- ABOUT THIS EXERCISE -
Quote exactly and only this range of lines in the data below: the line that holds "学院党委副书记张晶在结业典礼" to the line that holds "Munas VII SPL", both included.

- INPUT RECORDS -
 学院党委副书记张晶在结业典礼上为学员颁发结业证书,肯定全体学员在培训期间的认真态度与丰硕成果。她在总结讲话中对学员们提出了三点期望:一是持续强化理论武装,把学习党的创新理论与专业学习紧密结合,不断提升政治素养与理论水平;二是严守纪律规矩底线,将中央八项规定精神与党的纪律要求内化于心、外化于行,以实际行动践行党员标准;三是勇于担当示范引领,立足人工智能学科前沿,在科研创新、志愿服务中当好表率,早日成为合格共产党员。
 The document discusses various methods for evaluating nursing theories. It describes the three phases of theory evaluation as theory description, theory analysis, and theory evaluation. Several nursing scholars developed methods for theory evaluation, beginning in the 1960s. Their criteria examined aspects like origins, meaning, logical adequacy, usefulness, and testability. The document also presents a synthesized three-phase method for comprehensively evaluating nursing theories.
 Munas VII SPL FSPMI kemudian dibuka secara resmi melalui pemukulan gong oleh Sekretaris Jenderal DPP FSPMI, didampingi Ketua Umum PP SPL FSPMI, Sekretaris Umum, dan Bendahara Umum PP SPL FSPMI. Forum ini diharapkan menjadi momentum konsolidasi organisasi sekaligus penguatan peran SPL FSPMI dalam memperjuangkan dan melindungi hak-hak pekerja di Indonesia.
* * *
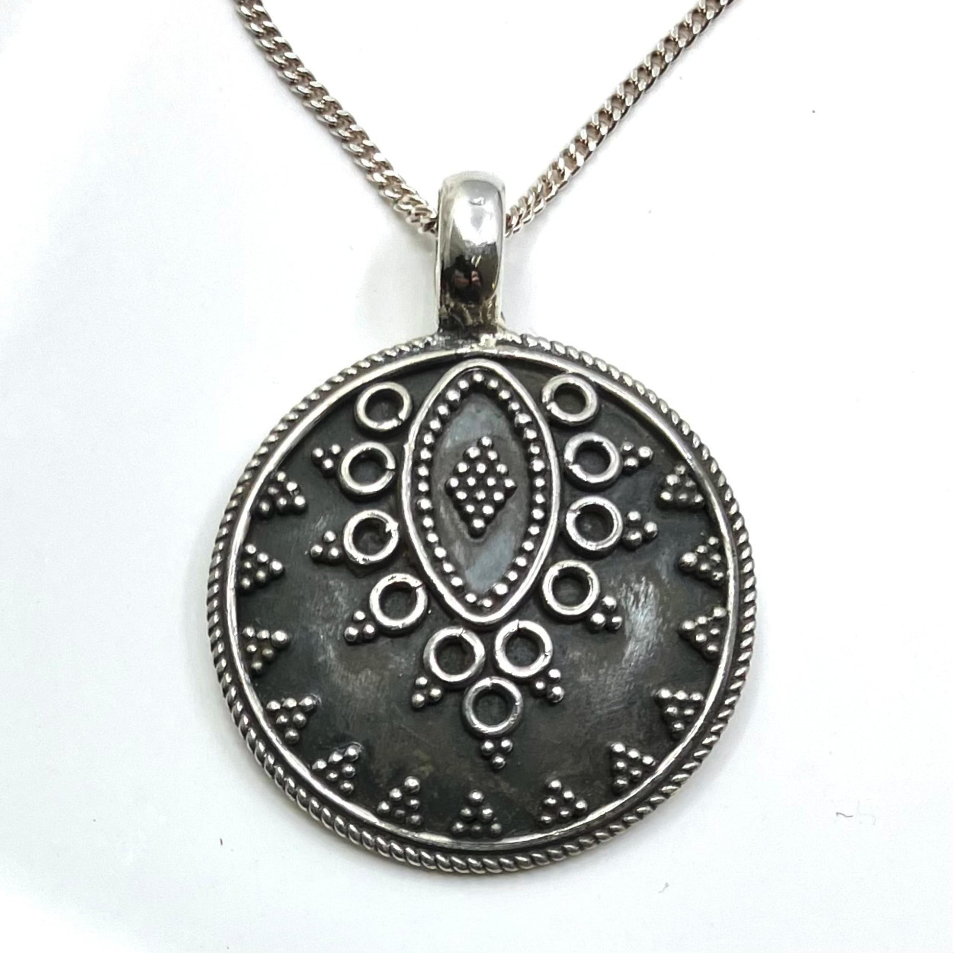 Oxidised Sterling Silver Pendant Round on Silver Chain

- FINISHED EXERCISE -
 学院党委副书记张晶在结业典礼上为学员颁发结业证书,肯定全体学员在培训期间的认真态度与丰硕成果。她在总结讲话中对学员们提出了三点期望:一是持续强化理论武装,把学习党的创新理论与专业学习紧密结合,不断提升政治素养与理论水平;二是严守纪律规矩底线,将中央八项规定精神与党的纪律要求内化于心、外化于行,以实际行动践行党员标准;三是勇于担当示范引领,立足人工智能学科前沿,在科研创新、志愿服务中当好表率,早日成为合格共产党员。
 The document discusses various methods for evaluating nursing theories. It describes the three phases of theory evaluation as theory description, theory analysis, and theory evaluation. Several nursing scholars developed methods for theory evaluation, beginning in the 1960s. Their criteria examined aspects like origins, meaning, logical adequacy, usefulness, and testability. The document also presents a synthesized three-phase method for comprehensively evaluating nursing theories.
 Munas VII SPL FSPMI kemudian dibuka secara resmi melalui pemukulan gong oleh Sekretaris Jenderal DPP FSPMI, didampingi Ketua Umum PP SPL FSPMI, Sekretaris Umum, dan Bendahara Umum PP SPL FSPMI. Forum ini diharapkan menjadi momentum konsolidasi organisasi sekaligus penguatan peran SPL FSPMI dalam memperjuangkan dan melindungi hak-hak pekerja di Indonesia.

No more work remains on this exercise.